Daniel Edward Howard was the President of Liberia from 1912 to 1920. The finances of Liberia were so shaky that the pay of government employees was often suspended for months at a time.

===Rebellion of indigenous===
In 1915, the coastal Kru people, who had long resisted Monrovia's authority, rose in rebellion, declaring their loyalty to Great Britain and demanding annexation by the Sierra Leone Colony and Protectorate. In response, the United States diverted the USS Chester to Africa en route home from Ottoman Turkey to help quash the uprising.

===World War I===

At the outbreak of World War I, President Howard attempted to maintain the country's neutrality. However, he tended to support the Allies, whose colonial territories in Africa surrounded Liberia and whose naval superiority quickly disrupted trade with Germany. As Germany was Liberia's major trading partner, the loss of customs revenue severely impacted government finances. What little revenue remained was diminished by the blockade imposed by German submarines which effectively halted trade between Liberia and the Allies as well. Since Liberia's economy was almost completely dependent on export revenues, this sudden evaporation of customs revenues forced Liberia to postpone payment on the $1.7 million loan, and led President Daniel E. Howard to seek a $5 million loan from the Woodrow Wilson Administration. However, the United States Congress refused to approve the loan.

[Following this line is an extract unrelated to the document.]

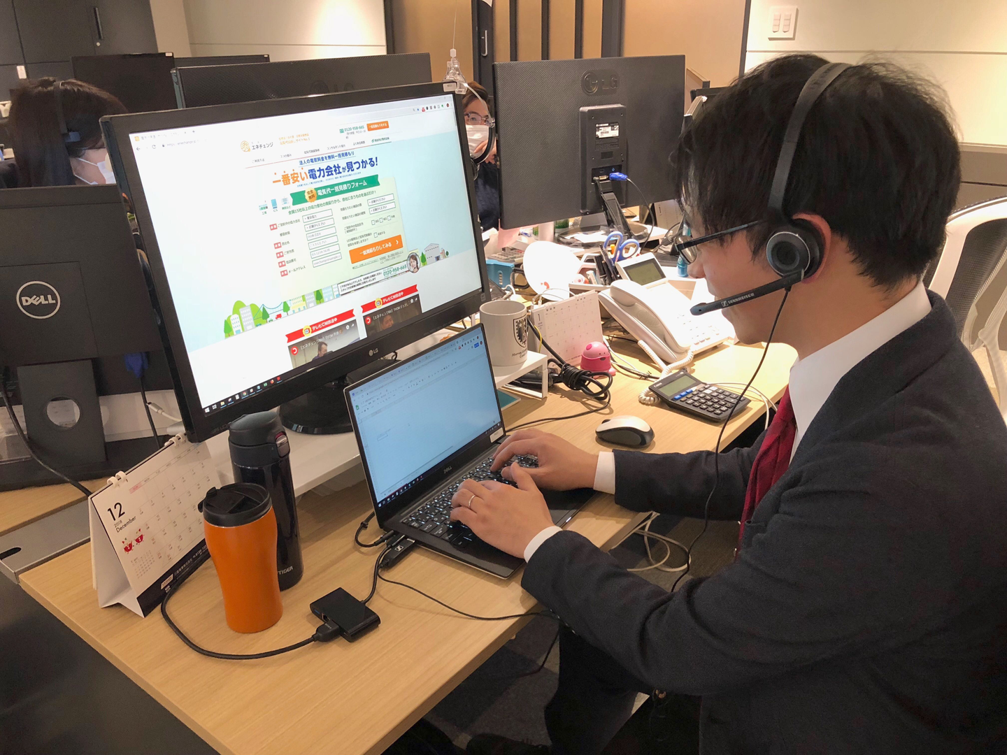 法人向けの電力会社選びから切り替え手続きまでをサポートするサービスです。法人の場合は12ヶ月分の電気使用量のお知らせをもとに、インサイドセールスチームのメンバーがエネチェンジBizと提携している電力会社から見積もりを取得し、お客さまに電気料金の削減額のご案内をしています。

Despite German protests, Howard allowed the French to operate a wireless station in the capital, Monrovia. Realizing that their complaints were in vain, the Germans sent a submarine to attack the city in 1917, forcing the reluctant Howard to side with the Allies and declare war on Germany on 12 January 1918. In April, the German bombing of Monrovia caused destruction to the city and the navy.

Liberia then liquidated the property of German nationals in Liberia. The money generated from this liquidation was deposited into the Liberian government bank account to compensate for loss of revenue from the blockade. The war ended in 1918, and Liberia's legislature ratified the Treaty of Versailles.

===Territorial conflicts===
In 1919, Liberia became a charter member of the League of Nations.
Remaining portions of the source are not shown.